Even a casual observer can tell you inequality levels have gone up in India over the past few decades, so when a new paper by Thomas Piketty and Lucas Chancel present a series of data to show this, it is hardly surprising. Between 1951 and 1980, the duo say, per capita incomes for the bottom half of the population grew by 2.2% per annum but when overall income growth for the country almost doubled—from 1.7% to 3.3%—in 1980-2014, the bottom half’s incomes grew by a lower 1.9%. For the middle 40%, income growth rose, but not by much—from 1.9% to a bit over 2%. For the top 1%, in contrast, income growth rose from 0.2% to 6.7%. It is when you look at that over a longer period of time that the differences really hit you (see table). So, the bottom 50% saw income growth rise marginally from 87% to 89% over the two periods while the top 1% saw income growth rise from 5% to a whopping 750%.

How accurate is the Piketty data, is the obvious question since the higher growth period is also the one that saw a massive fall in Indian poverty levels, and certainly the consumerism of the last few decades can’t be reconciled with the Piketty/Chancel view that ‘shining India’ was restricted to just the top 10% of the population.

Before examining how good Piketty’s data is, even this suggests rising inequality appears to go hand in hand with higher growth. The country that has the most equal growth, France, is also the one with the slowest growth. China has more inequality than the US, but its growth is also much faster—India’s inequality is higher than that of China but less than that of the US. It may be true, as James Crabtree says in his piece on Piketty, that nations with great inequality tend to grow more slowly, but that’s probably true after a certain level of income. It is difficult to name any country that has risen from the kind of abject poverty that China and India have without rising levels of inequality.

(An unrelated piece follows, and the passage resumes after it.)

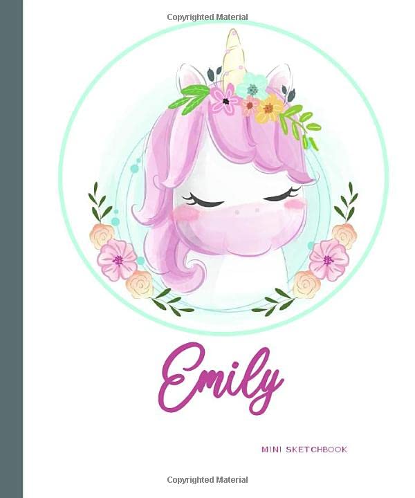 Emily - Mini Sketchbook: Personalized Small Blank Book with Name - 5" x 6" (12.7 cm x 15 cm) pocket-sized Journal, Notebook, Diary for Girls and Women - Cute Unicorn Theme full version

Though several vital flaws were pointed out in Piketty’s Capital in the Twenty First Century, not too much work has been done as yet by economists/statisticians on the Piketty/Chancel paper. Even so, several assumptions look worrying. Since India does not collect data on incomes but only on expenditure, Piketty/Chancel blithely marry consumption data from the National Sample Survey (NSS) and the income tax since, in their words, “our preferred strategy is to assume that surveys are reliable from the bottom of the distribution up to a certain percentile and that tax data is reliable after another”! Even if you assume the tax data does represent those in the upper strata, there is enough reason to believe the NSS is mostly junk, even for those in the lower segments. Between 1983 and 2011, as the duo acknowledge, while GDP data show household consumption expenditure grew by over 300%, the NSS indicates it grew just 200%—so incomes at the bottom are vastly understated. Other data in the paper, that feed into the same narrative of the rich exclusively cornering all the benefits of growth, look equally odd—a Forbes’ India Rich list shows the wealth of the richest Indians at less than 2% of GDP in the 1990s, rising to a peak of 27% in FY09 and then collapsing to 10% in 2015; there is nothing, however, to explain why it collapsed since asset prices have risen steadily in this period.

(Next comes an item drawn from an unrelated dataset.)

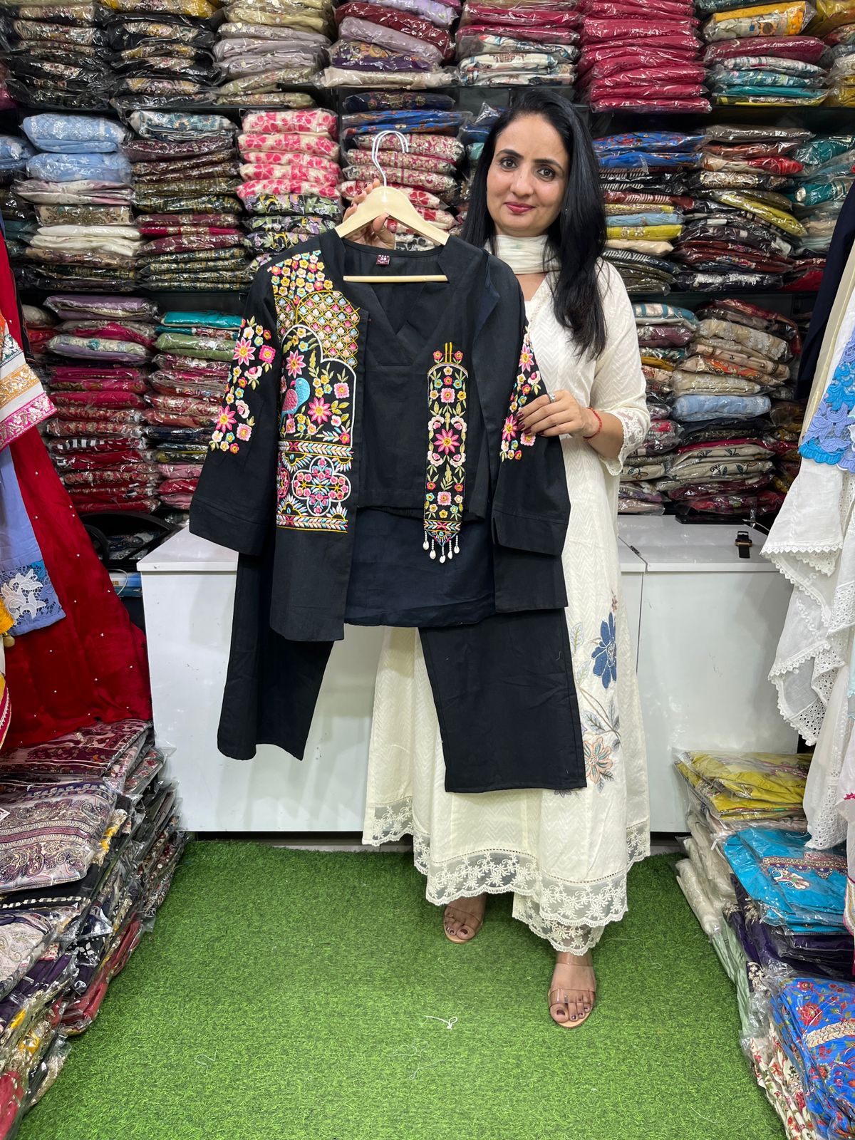 Premium Khadi Cotton 3 Peice Embroidered Coord Set

But let’s forget all of this and assume Piketty is right. What is the policy prescription this suggests that is different from what various governments have been attempting to follow? Better education and health are obvious ways to increase the lot of the poor, but funding that requires a quantum leap in tax collections—that’s exactly what every government since 1991 has been attempting to do. The same holds for improving infrastructure and easing various doing-business rules which will help create both more jobs as well as entrepreneurs. But since the knowledge economy will create even more inequalities—just see Apple/Google’s meteoric rise to know this—a policy most favour is to rapidly increase taxes on the rich. When money moves so quickly to low-tax jurisdictions, though attractive, this is perhaps the most destructive policy to follow; indeed, it will take India back to the ‘glorious’ days of Indira Gandhi—high on rhetoric and poor on delivery.